### DATA SUPPLIED ###

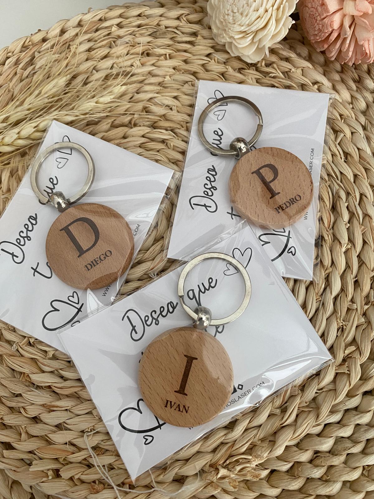 Llavero marcasitio con forma circular con inicial y nombre. Un regalo ideal para tus invitados.
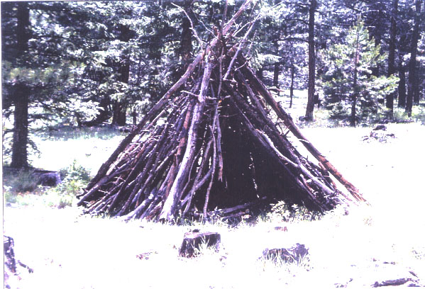 Photo 22: Tepees were built of dead poles and used as shelters, and latrines were sometimes hidden with dead wood stacks. Many of these structures remained.
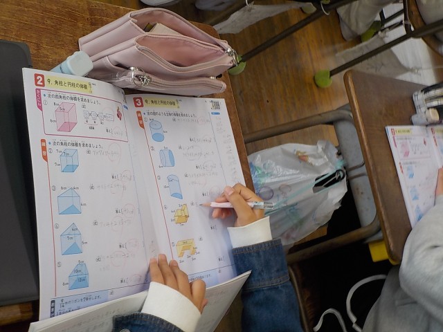 いろいろな形の角柱や円柱の体積を求める学習をしました。
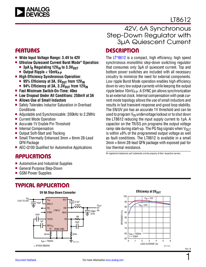 LT8612 42V, 6A Synchronous Step-Down Regulator with 3μA Quiescent Current
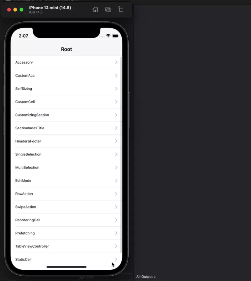 이렇게 구현한 tableView는 결과는 이전과 다를 바 없지만 조금 손쉽게 TableView를 구성할 수 있다는 장점이 있다.
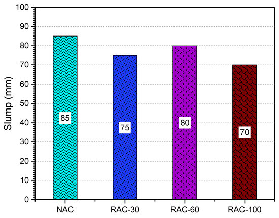 Four concrete mixtures were designed for this study: a control mix using NCA and three RAC mixtures, designated as RAC-30, RAC-60, and RAC-100. In the RAC mixtures, 30%, 60%, and 100% of the NCA, by mass, were replaced with RCA, respectively. All concrete mixtures were designed with a plastic slump (Figure 4). The mix proportions of the concretes are shown in Table 2.
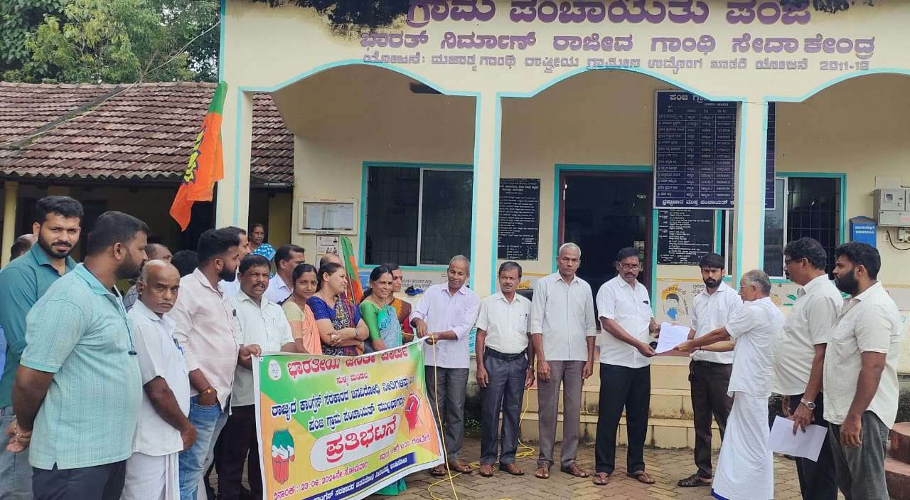 ಕಾಂಗ್ರೆಸ್ ಆಡಳಿತ ರಾಜ್ಯ ಸರಕಾರದ ಜನವಿರೋಧಿ ನೀತಿ ಖಂಡಿಸಿ ಭಾರತೀಯ ಜನತಾ ಪಾರ್ಟಿ ವತಿಯಿಂದ ಪಂಜ ಗ್ರಾಮ ಪಂಚಾಯತ್ ಮುಂಭಾಗದಲ್ಲಿ ಪ್ರತಿಭಟನೆ ಜೂ.23 ರಂದು ನಡೆಯಿತು. ಮನ್ ಕೀ ಬಾತ್ ಪ್ರಮುಖ್ ನಾರಾಯಣ ಕೃಷ್ಣನಗರ ಮತ್ತು ಐವತ್ತೊಕ್ಲು ಶಕ್ತಿ ಕೇಂದ್ರದ ಪ್ರಮುಖ್ ಲೋಕೇಶ್ ಬರೆಮೇಲು ರವರು ಕಾಂಗ್ರೆಸ್ ಆಡಳಿತ ಸರಕಾರದಿಂದ ಜನ ವಿರೋಧಿ ನೀತಿ ಕುರಿತು ವಿವರಿಸಿದರು. ಬಳಿಕ ಗ್ರಾಮ ಪಂಚಾಯತ್ ಅಭಿವೃದ್ಧಿ ಅಧಿಕಾರಿ ಜಯಂತ್ ಯು ಬಿ ರವರಿಗೆ ಮನವಿ ಸಲ್ಲಿಸಿದರು.
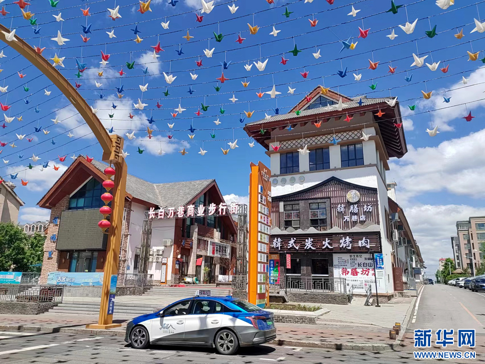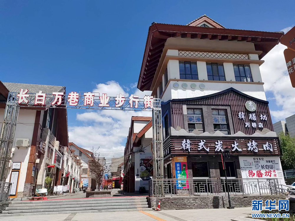 新华网长春5月30日电(黄维)驻足吉林省长白山保护开发区池北区长白山大街,沿白牛槭路向西而行,走不多远就能看到一条干净整洁、别具特色、商业氛围浓厚的街市,这里是长白万巷商业步行街。
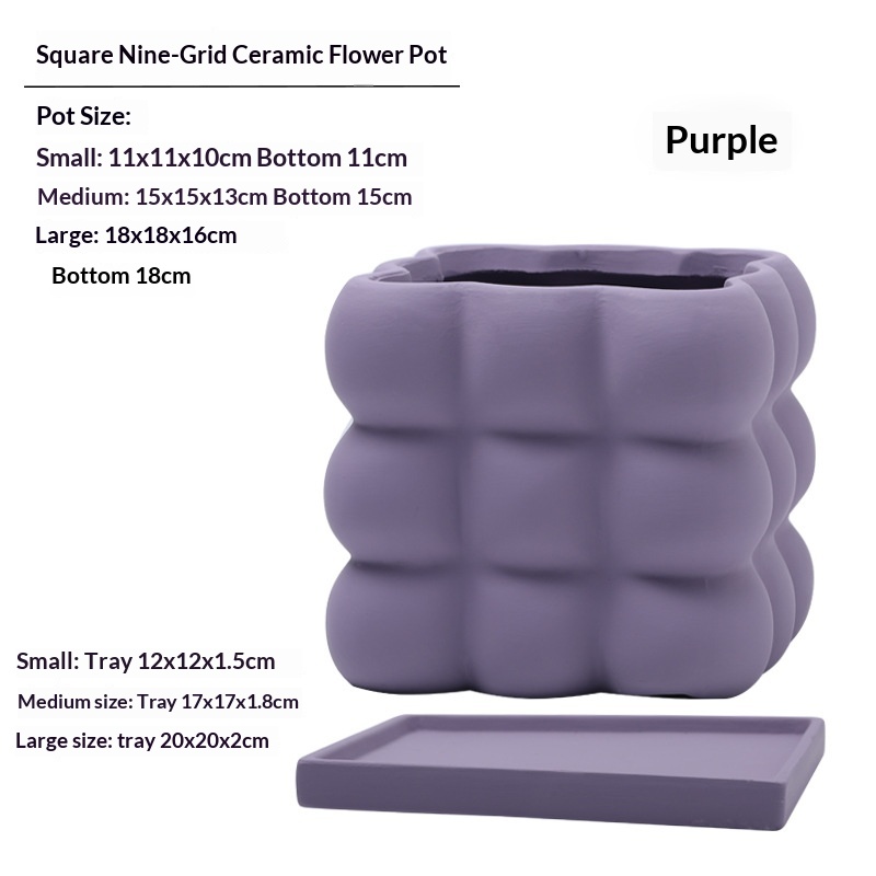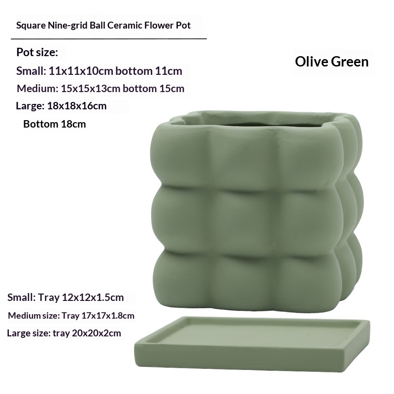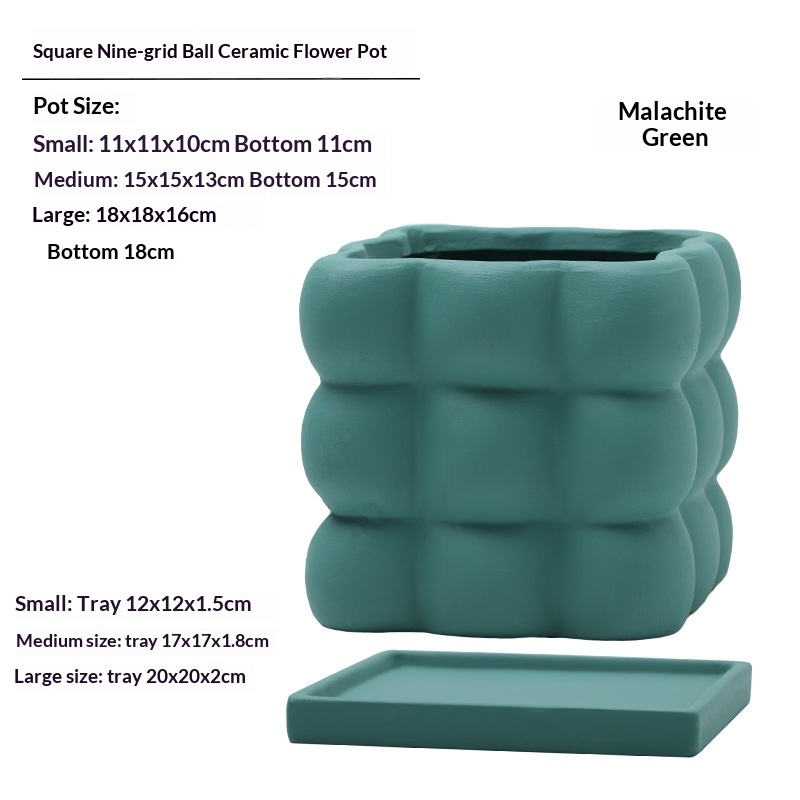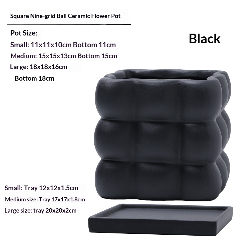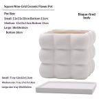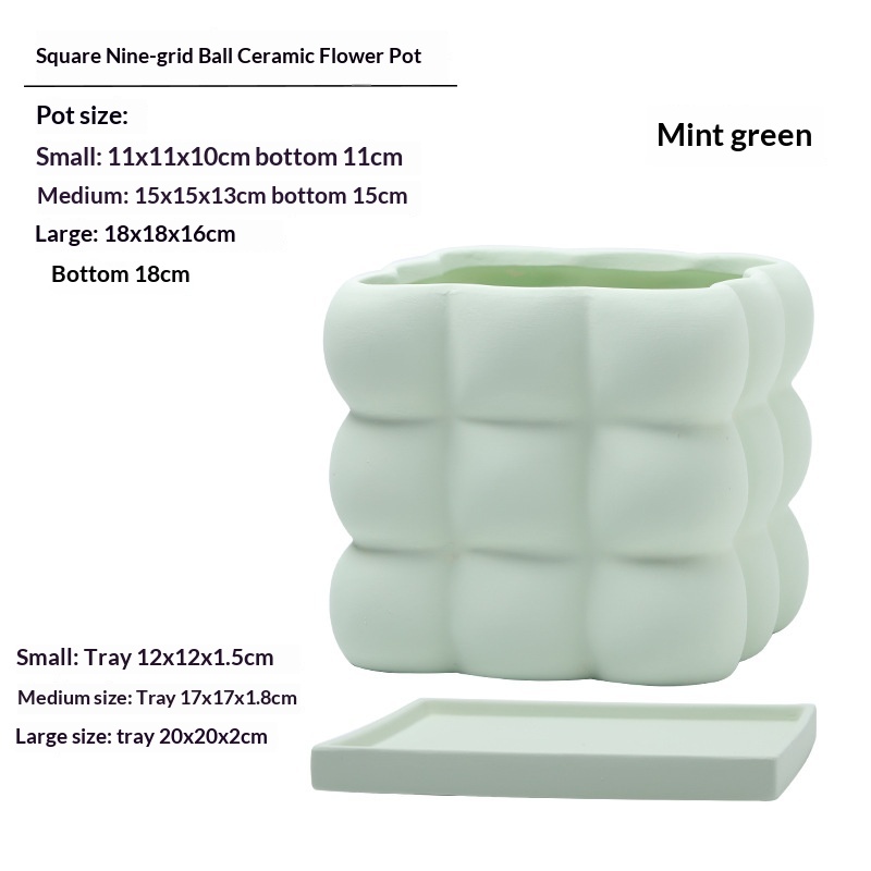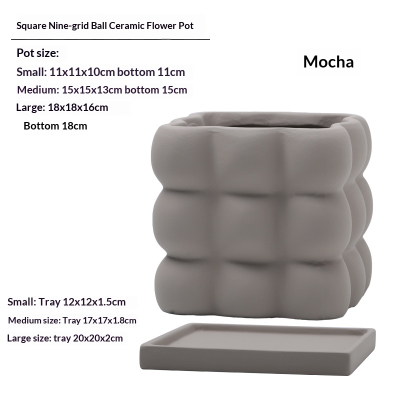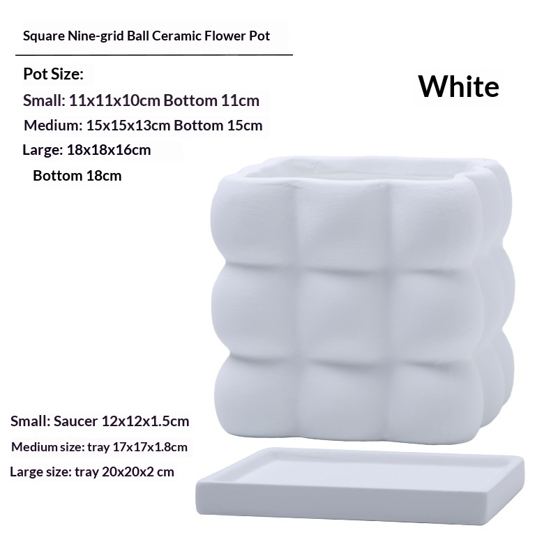 This ceramic flower pot features a nine-grid ball-shaped square design, combining aesthetic appeal with functionality. Crafted from high-quality ceramic, it ensures durability and a refined finish. Each compartment is equipped with drainage holes to prevent waterlogging and maintain optimal soil moisture. The included saucer collects excess water, protecting surfaces and promoting healthier plant growth. Ideal for indoor use, this flower pot facilitates organized planting of multiple small plants or succulents, making it suitable for home or office décor.
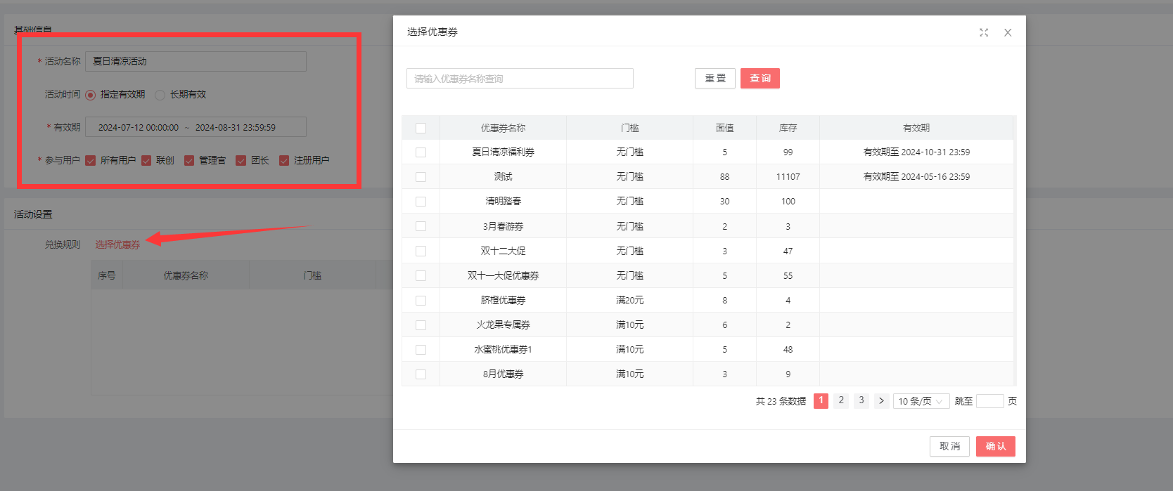 确认活动名称,选择参与用户,选择已经创建好的优惠券

###

EXERCISE OBJECTIVE:
Output only the lines running from the top of the data above to the line with "이렇게 구현한 tableView는", inclusive, word for word and without pictures.

TASK RESPONSE:
 Llavero marcasitio con forma circular con inicial y nombre. Un regalo ideal para tus invitados.
 Photo 22: Tepees were built of dead poles and used as shelters, and latrines were sometimes hidden with dead wood stacks. Many of these structures remained.
 いろいろな形の角柱や円柱の体積を求める学習をしました。
 LT8612 42V, 6A Synchronous Step-Down Regulator with 3μA Quiescent Current
 이렇게 구현한 tableView는 결과는 이전과 다를 바 없지만 조금 손쉽게 TableView를 구성할 수 있다는 장점이 있다.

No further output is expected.